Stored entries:
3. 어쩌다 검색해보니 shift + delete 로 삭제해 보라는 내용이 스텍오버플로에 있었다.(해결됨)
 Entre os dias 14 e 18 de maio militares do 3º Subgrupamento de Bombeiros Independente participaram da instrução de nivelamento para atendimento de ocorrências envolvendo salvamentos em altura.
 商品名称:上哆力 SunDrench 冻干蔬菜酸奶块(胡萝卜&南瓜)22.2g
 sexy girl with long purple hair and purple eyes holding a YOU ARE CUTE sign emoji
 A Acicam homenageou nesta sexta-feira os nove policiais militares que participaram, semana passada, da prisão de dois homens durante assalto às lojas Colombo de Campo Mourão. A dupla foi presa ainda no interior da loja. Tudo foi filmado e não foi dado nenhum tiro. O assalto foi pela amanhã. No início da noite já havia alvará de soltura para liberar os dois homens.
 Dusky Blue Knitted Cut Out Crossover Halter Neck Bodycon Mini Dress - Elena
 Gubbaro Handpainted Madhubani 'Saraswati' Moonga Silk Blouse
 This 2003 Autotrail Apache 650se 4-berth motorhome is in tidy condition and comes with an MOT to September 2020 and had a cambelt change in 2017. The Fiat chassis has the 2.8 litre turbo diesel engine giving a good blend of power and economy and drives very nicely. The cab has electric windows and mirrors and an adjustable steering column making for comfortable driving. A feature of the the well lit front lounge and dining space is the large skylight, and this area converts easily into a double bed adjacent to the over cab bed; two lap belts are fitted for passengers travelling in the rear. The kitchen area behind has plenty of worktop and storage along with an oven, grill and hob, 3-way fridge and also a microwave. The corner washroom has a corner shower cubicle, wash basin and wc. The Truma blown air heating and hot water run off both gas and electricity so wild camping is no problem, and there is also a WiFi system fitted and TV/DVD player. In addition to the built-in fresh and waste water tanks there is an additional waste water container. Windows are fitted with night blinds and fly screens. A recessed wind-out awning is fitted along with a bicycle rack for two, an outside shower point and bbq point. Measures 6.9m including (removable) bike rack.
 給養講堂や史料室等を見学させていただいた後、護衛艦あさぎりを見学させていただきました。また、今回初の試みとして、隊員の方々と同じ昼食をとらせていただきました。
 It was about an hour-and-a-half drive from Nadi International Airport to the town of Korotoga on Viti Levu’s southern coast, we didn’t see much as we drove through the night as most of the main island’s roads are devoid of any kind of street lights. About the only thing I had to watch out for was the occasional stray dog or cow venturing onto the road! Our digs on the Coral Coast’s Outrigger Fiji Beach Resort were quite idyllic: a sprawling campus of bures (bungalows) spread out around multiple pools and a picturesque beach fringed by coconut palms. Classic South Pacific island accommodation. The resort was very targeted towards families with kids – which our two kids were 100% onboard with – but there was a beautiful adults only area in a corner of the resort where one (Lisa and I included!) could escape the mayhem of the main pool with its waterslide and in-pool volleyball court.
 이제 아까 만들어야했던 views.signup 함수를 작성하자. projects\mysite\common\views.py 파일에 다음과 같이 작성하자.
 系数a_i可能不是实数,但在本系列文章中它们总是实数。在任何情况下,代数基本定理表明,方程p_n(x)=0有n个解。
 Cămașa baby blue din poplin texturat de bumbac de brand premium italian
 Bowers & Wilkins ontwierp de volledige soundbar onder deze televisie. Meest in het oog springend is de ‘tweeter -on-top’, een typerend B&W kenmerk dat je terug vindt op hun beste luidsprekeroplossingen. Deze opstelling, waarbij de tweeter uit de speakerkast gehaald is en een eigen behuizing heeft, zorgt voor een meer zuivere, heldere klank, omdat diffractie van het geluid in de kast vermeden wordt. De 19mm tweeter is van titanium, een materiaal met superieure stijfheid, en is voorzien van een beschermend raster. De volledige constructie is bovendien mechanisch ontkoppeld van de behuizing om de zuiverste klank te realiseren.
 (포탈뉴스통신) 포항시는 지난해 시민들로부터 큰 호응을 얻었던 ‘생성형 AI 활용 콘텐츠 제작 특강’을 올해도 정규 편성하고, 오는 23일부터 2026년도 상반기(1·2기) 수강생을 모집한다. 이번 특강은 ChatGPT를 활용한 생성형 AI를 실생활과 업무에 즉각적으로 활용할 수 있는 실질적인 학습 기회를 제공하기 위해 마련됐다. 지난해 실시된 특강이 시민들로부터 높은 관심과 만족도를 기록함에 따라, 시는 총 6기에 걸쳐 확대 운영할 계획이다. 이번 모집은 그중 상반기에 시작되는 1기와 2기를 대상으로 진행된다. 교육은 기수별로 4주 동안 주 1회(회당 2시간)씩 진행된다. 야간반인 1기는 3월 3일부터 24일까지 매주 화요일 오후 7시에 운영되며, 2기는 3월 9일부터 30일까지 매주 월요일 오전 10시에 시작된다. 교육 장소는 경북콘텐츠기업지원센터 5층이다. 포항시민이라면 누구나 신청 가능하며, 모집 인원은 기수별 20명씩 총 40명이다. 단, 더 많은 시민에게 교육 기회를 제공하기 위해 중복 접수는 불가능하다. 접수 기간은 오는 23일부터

TASK DESCRIPTION:
Your answer must be every record above, retyped exactly.

SOLUTION:
3. 어쩌다 검색해보니 shift + delete 로 삭제해 보라는 내용이 스텍오버플로에 있었다.(해결됨)
 Entre os dias 14 e 18 de maio militares do 3º Subgrupamento de Bombeiros Independente participaram da instrução de nivelamento para atendimento de ocorrências envolvendo salvamentos em altura.
 商品名称:上哆力 SunDrench 冻干蔬菜酸奶块(胡萝卜&南瓜)22.2g
 sexy girl with long purple hair and purple eyes holding a YOU ARE CUTE sign emoji
 A Acicam homenageou nesta sexta-feira os nove policiais militares que participaram, semana passada, da prisão de dois homens durante assalto às lojas Colombo de Campo Mourão. A dupla foi presa ainda no interior da loja. Tudo foi filmado e não foi dado nenhum tiro. O assalto foi pela amanhã. No início da noite já havia alvará de soltura para liberar os dois homens.
 Dusky Blue Knitted Cut Out Crossover Halter Neck Bodycon Mini Dress - Elena
 Gubbaro Handpainted Madhubani 'Saraswati' Moonga Silk Blouse
 This 2003 Autotrail Apache 650se 4-berth motorhome is in tidy condition and comes with an MOT to September 2020 and had a cambelt change in 2017. The Fiat chassis has the 2.8 litre turbo diesel engine giving a good blend of power and economy and drives very nicely. The cab has electric windows and mirrors and an adjustable steering column making for comfortable driving. A feature of the the well lit front lounge and dining space is the large skylight, and this area converts easily into a double bed adjacent to the over cab bed; two lap belts are fitted for passengers travelling in the rear. The kitchen area behind has plenty of worktop and storage along with an oven, grill and hob, 3-way fridge and also a microwave. The corner washroom has a corner shower cubicle, wash basin and wc. The Truma blown air heating and hot water run off both gas and electricity so wild camping is no problem, and there is also a WiFi system fitted and TV/DVD player. In addition to the built-in fresh and waste water tanks there is an additional waste water container. Windows are fitted with night blinds and fly screens. A recessed wind-out awning is fitted along with a bicycle rack for two, an outside shower point and bbq point. Measures 6.9m including (removable) bike rack.
 給養講堂や史料室等を見学させていただいた後、護衛艦あさぎりを見学させていただきました。また、今回初の試みとして、隊員の方々と同じ昼食をとらせていただきました。
 It was about an hour-and-a-half drive from Nadi International Airport to the town of Korotoga on Viti Levu’s southern coast, we didn’t see much as we drove through the night as most of the main island’s roads are devoid of any kind of street lights. About the only thing I had to watch out for was the occasional stray dog or cow venturing onto the road! Our digs on the Coral Coast’s Outrigger Fiji Beach Resort were quite idyllic: a sprawling campus of bures (bungalows) spread out around multiple pools and a picturesque beach fringed by coconut palms. Classic South Pacific island accommodation. The resort was very targeted towards families with kids – which our two kids were 100% onboard with – but there was a beautiful adults only area in a corner of the resort where one (Lisa and I included!) could escape the mayhem of the main pool with its waterslide and in-pool volleyball court.
 이제 아까 만들어야했던 views.signup 함수를 작성하자. projects\mysite\common\views.py 파일에 다음과 같이 작성하자.
 系数a_i可能不是实数,但在本系列文章中它们总是实数。在任何情况下,代数基本定理表明,方程p_n(x)=0有n个解。
 Cămașa baby blue din poplin texturat de bumbac de brand premium italian
 Bowers & Wilkins ontwierp de volledige soundbar onder deze televisie. Meest in het oog springend is de ‘tweeter -on-top’, een typerend B&W kenmerk dat je terug vindt op hun beste luidsprekeroplossingen. Deze opstelling, waarbij de tweeter uit de speakerkast gehaald is en een eigen behuizing heeft, zorgt voor een meer zuivere, heldere klank, omdat diffractie van het geluid in de kast vermeden wordt. De 19mm tweeter is van titanium, een materiaal met superieure stijfheid, en is voorzien van een beschermend raster. De volledige constructie is bovendien mechanisch ontkoppeld van de behuizing om de zuiverste klank te realiseren.
 (포탈뉴스통신) 포항시는 지난해 시민들로부터 큰 호응을 얻었던 ‘생성형 AI 활용 콘텐츠 제작 특강’을 올해도 정규 편성하고, 오는 23일부터 2026년도 상반기(1·2기) 수강생을 모집한다. 이번 특강은 ChatGPT를 활용한 생성형 AI를 실생활과 업무에 즉각적으로 활용할 수 있는 실질적인 학습 기회를 제공하기 위해 마련됐다. 지난해 실시된 특강이 시민들로부터 높은 관심과 만족도를 기록함에 따라, 시는 총 6기에 걸쳐 확대 운영할 계획이다. 이번 모집은 그중 상반기에 시작되는 1기와 2기를 대상으로 진행된다. 교육은 기수별로 4주 동안 주 1회(회당 2시간)씩 진행된다. 야간반인 1기는 3월 3일부터 24일까지 매주 화요일 오후 7시에 운영되며, 2기는 3월 9일부터 30일까지 매주 월요일 오전 10시에 시작된다. 교육 장소는 경북콘텐츠기업지원센터 5층이다. 포항시민이라면 누구나 신청 가능하며, 모집 인원은 기수별 20명씩 총 40명이다. 단, 더 많은 시민에게 교육 기회를 제공하기 위해 중복 접수는 불가능하다. 접수 기간은 오는 23일부터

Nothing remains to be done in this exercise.